Leave out the pictures and retype exactly the lines from the one with "ヘルシーながらボリューム満点" through the end of the records.
╭──
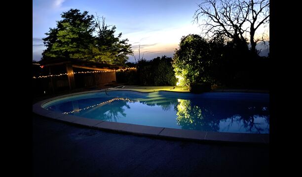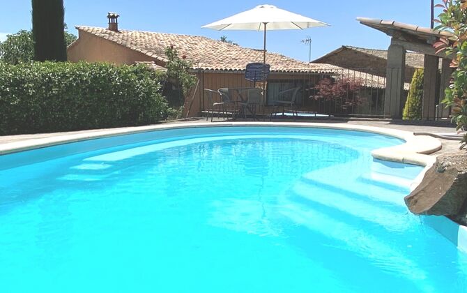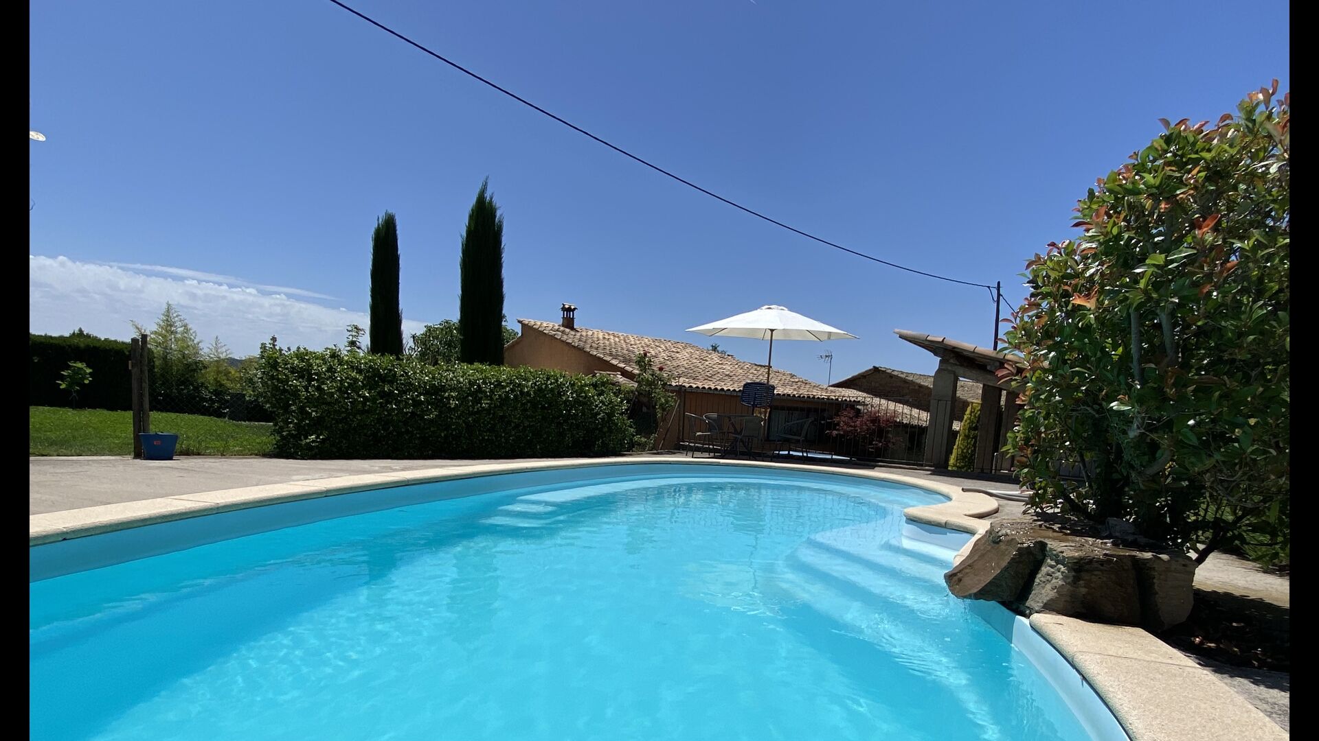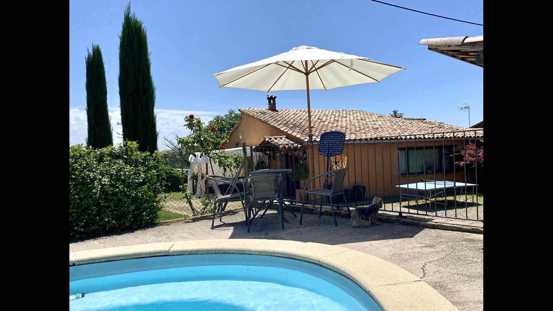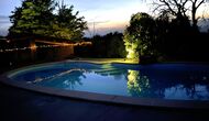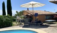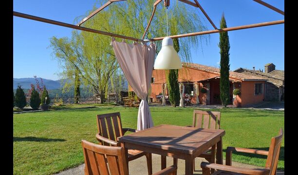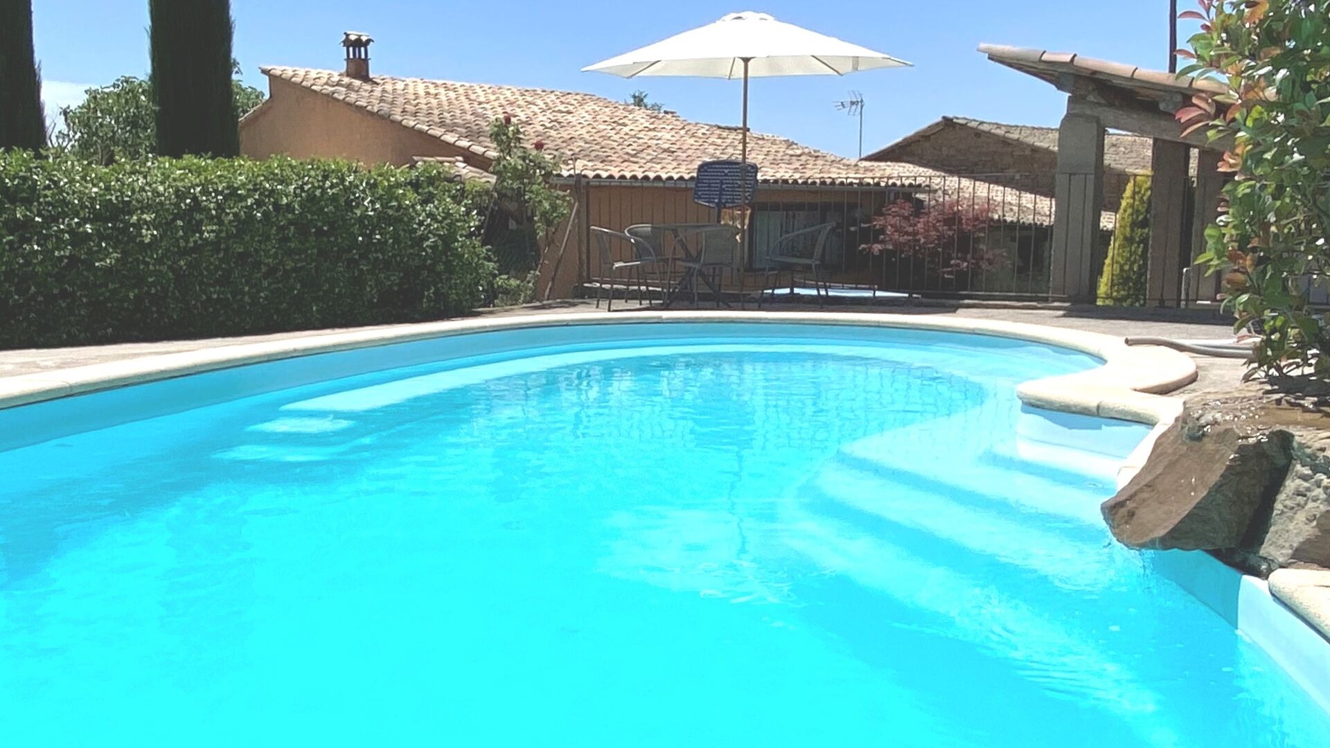 In the garden there is a fenced, private swimming pool (each of the two houses has its own pool) and at the end of the swimming pool is a covered terrace with BBQ and outdoor kitchen. There is also a small terrace in front of the house and on the lawn is set up a small pavilion, where you also can find shade on hot summer days.
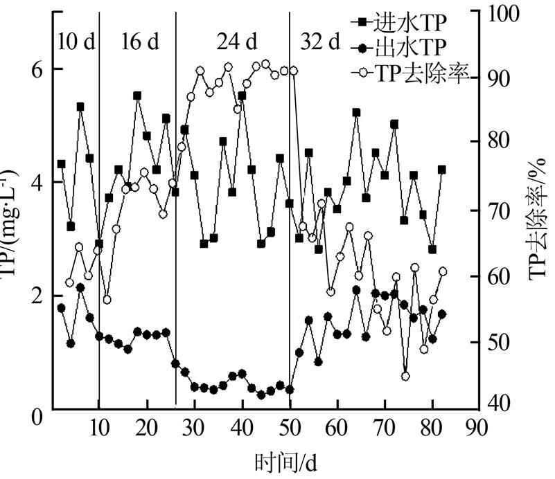 (2)SRT既不能過大導致系統(tǒng)內(nèi)有機負荷變低,又不能過小致使有機負荷過高,SRT=24 d時,除磷效果最佳,TP平均去除率為89.66%,TP出水質(zhì)量濃度為0.23~0.98 mg/L。
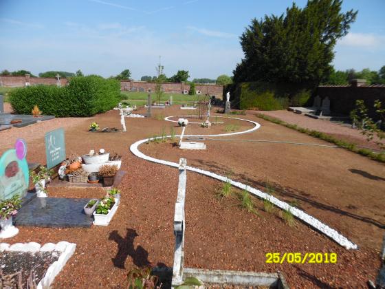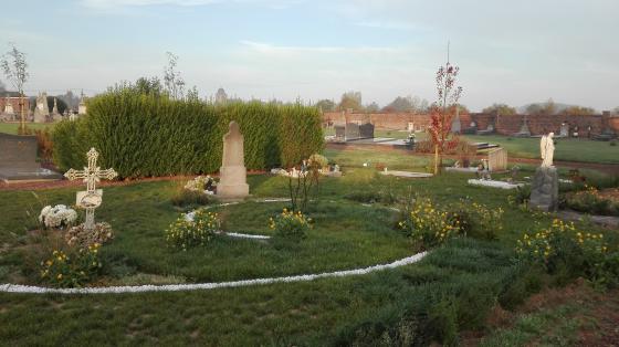 A l'arrière du cimetière, nous retrouvons une zone dédiée aux enfants. Les concessions d’enfant s’étendaient aléatoirement dans un espace qui comportait des concessions d’adultes. . La commune a été désireuse de restructurer l'espace afin d'y apporter un cadre plus approprié au recueillement. Ainsi, les concessions d’adultes en défaut d’entretien, ont été affichées puis reprises en gestion communale. La commune a fait ensuite appel à nos services pour repenser l'aménagement global de la parcelle des anges.
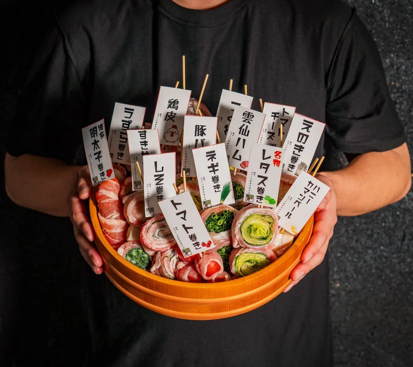 ヘルシーながらボリューム満点の「野菜巻き串」は、ジューシーな肉の旨味と野菜のシャキシャキ感を同時に味わえる魅惑の一品です。熟練の火入れ技でじっくりと炭火で焼き上げられ、素材の旨味が最大限に引き出されています。定番のレタス巻き串をはじめ、旬の野菜を使った15種類が用意されています。
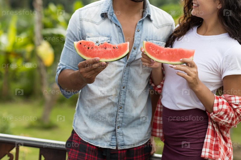 Счастливая пара ест арбуз
╰──
Task response:
 ヘルシーながらボリューム満点の「野菜巻き串」は、ジューシーな肉の旨味と野菜のシャキシャキ感を同時に味わえる魅惑の一品です。熟練の火入れ技でじっくりと炭火で焼き上げられ、素材の旨味が最大限に引き出されています。定番のレタス巻き串をはじめ、旬の野菜を使った15種類が用意されています。
 Счастливая пара ест арбуз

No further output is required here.